A conversation with Diana Taylor (New York University's Tisch School for the Arts and Founding Director of The Hemispheric Institute of Performance and Politics)

In The Archive and the Repertoire Taylor writes that the ‘live’ acts that are the repertoire exceed the archive’s capacity to contain them.  Now, however, she questions whether '‘things’ can be archived at all, if they might not (rather) belong to a world of endless transformation.  Do ‘things’ have a life of their own that exceed the limits of the archive without belonging to the repertorial ‘live’? Join us for an exploration of this question as viewed through a performance by Brazil’s theatre company, Teatro da Vertigem.

*By RSVP only*


FACULTY COLLOQUIUM

Wednesday, April 30 at 4:00 pm, Oakley Center

"COMICS IN CAIRO, SHREK IN TEHRAN: AMERICAN CULTURE IN MIDDLE EASTERN CIRCULATION"

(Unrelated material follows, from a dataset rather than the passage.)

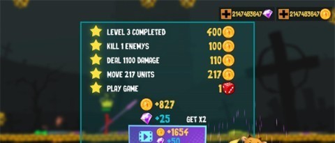 4、当你成功击败场景内的所有敌人后,便可以顺利通关,收获金币奖励,助你在接下来的挑战中更进一步。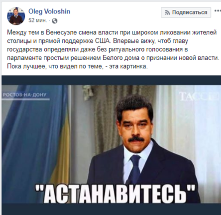 "Между тем в Венесуэле смена власти при широком ликовании жителей столицы и прямой поддержке США. Впервые вижу, чтоб главу государства определяли даже без ритуального голосования в парламенте простым решением Белого дома о признании новой власти. Пока лучшее, что видел по теме, - эта картинка", - написал он и прикрепил картинку с Мадуро со словом "Астанавитесь", которые ранее произнес Виктор Янукович.

A conversation with Brian Edwards (Director, Program in Middle East and North African Studies, Northwestern University)

*By RSVP only*


ANNUAL WEISS LECTURE

Monday, May 5 at 6:30 pm, Griffin Hall #3

"THE ETHICS OF ALLOCATING ORGANS FOR TRANSPLANT"

Martin Wilkinson (Political Studies, University of Auckland, and Member of the New Zealand National Ethics Advisory Committee) delivers the annual Weiss Lecture on Medicine and Medical Ethics

*This event is free and open to the public


Oakley Center News

Senior Oakley Center Fellow and Williams College President Emeritus John Chandler was recently featured in an article in Newsweek Magazine: "Inside the Colleges that Killed Frats for Good."

The Chronical of Higher Education featured an article on the work of Daniel Everett (Dean of Bentley College and professor of anthropology and linguistics) who delievered the annual Richmond Lecture on March 13, 2012.

Siddartha Mukherjee, (Columbia and CU/NYU Presbyterian Hospital), who gave the annual Andrew B. Weiss, MD, Lecture on Medicine and Medical Ethics in 2010, has been awarded a Pulitzer Prize for his book The Emperor of All Maladies: A Biography of Cancer.

Barbara J. King of the College of William and Mary blogs about a recent Oakley Center symposium, "After Humanism," here. Information about the symposium (September 23-24, 2010), as well as conference pictures, can be found here.

Former Clark-Oakley Humanities Fellow Jonathan Katz, now head of a new visual studies program at SUNY-Buffalo, speaks out about the controversy sparked by a high-profile exhibition that he curated at the National Portrait Gallery: "Hide/Seek: Difference and Desire in American Portraiture." The exhibition received a positive review in the Washington Post.